I wanted to fine-tune an AI model to sound more human.
Not the usual stiff AI tone — something closer to how people actually write
on Reddit. Natural, direct, sometimes blunt. So I decided to fine-tune
Qwen3-8B on Reddit-style data.
The problem was my local PC. Not enough VRAM. So I went looking for a free
GPU solution and found Kaggle.
Fair warning: I made quite a few mistakes along the way.
That's what this post is really about.
Why Kaggle
Kaggle is known as a data science competition platform, but the key thing is:
It gives you free GPU.
- NVIDIA Tesla T4 (15.6GB VRAM)
- 30 hours of GPU per week
- Completely free
One thing to know — Kaggle defaults to internet OFF. You can switch it
on under Settings → Internet, and turning it on costs nothing extra.
I worked with internet OFF, which led to my first mistake.
The Full Flow
1. Prepare a public dataset from Hugging Face
2. Connect the model + dataset in Kaggle
3. Run QLoRA fine-tuning
4. Save the adapter and evaluate
Step 1 — Data Preparation
I wanted Reddit-style data to get that natural, human-sounding tone.
To be clear: I didn't scrape Reddit. Hugging Face already has publicly
available Reddit-based datasets with proper licensing. That's the right
approach.
Some options:
-
webis/tldr-17— Reddit posts + summaries -
reddit— based on the public Reddit archive -
sentence-transformers/reddit-title-body— title/body pairs
The data format I used was ChatML-style JSONL:
{
"messages": [
{"role": "system", "content": "You are a helpful member of r/SideProject."},
{"role": "user", "content": "Just shipped my side project. Nobody's using it."},
{"role": "assistant", "content": "Congrats on shipping. Seriously..."}
]
}
Upload this to Hugging Face as a Dataset and you can connect it directly
in Kaggle.
Step 2 — Kaggle Setup
Connecting the model and dataset
After creating a Kaggle Notebook:
- Settings → Accelerator → GPU T4 x2
- Right panel → Input → Models → search Qwen3-8B → Add
- Right panel → Input → Datasets → add your dataset
Mistake #1: The model path
I connected the model, then wrote this:
MODEL = "Qwen/Qwen3-8B"
tokenizer = AutoTokenizer.from_pretrained(MODEL, trust_remote_code=True)
Result:
OSError: Can't load the configuration of 'Qwen/Qwen3-8B'.

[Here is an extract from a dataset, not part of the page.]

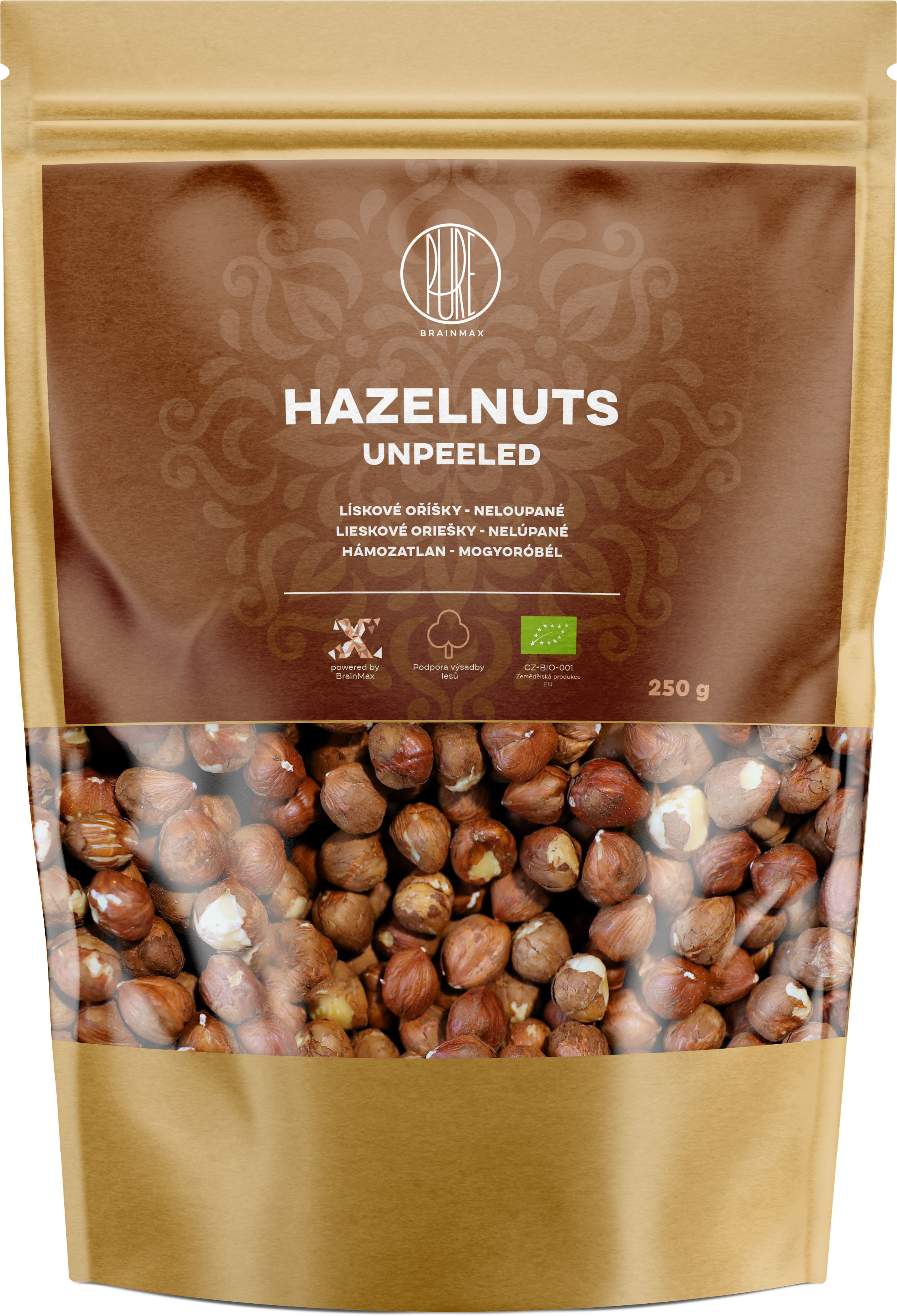 Brainmax Pure Lískové oříšky, neloupané, BIO, 250 g

'[Errno -3] Temporary failure in name resolution'
With internet OFF, it tried to reach HuggingFace and failed. Even though
I had connected the model in Kaggle, passing "Qwen/Qwen3-8B" still
sends a request to the HuggingFace server instead of using the local copy.
Fix: find the real path with glob
Kaggle doesn't clearly tell you where your connected model actually lives.
You have to find it yourself.
import glob
# Find the dataset
matches = glob.glob("/kaggle/input/**/*.jsonl", recursive=True)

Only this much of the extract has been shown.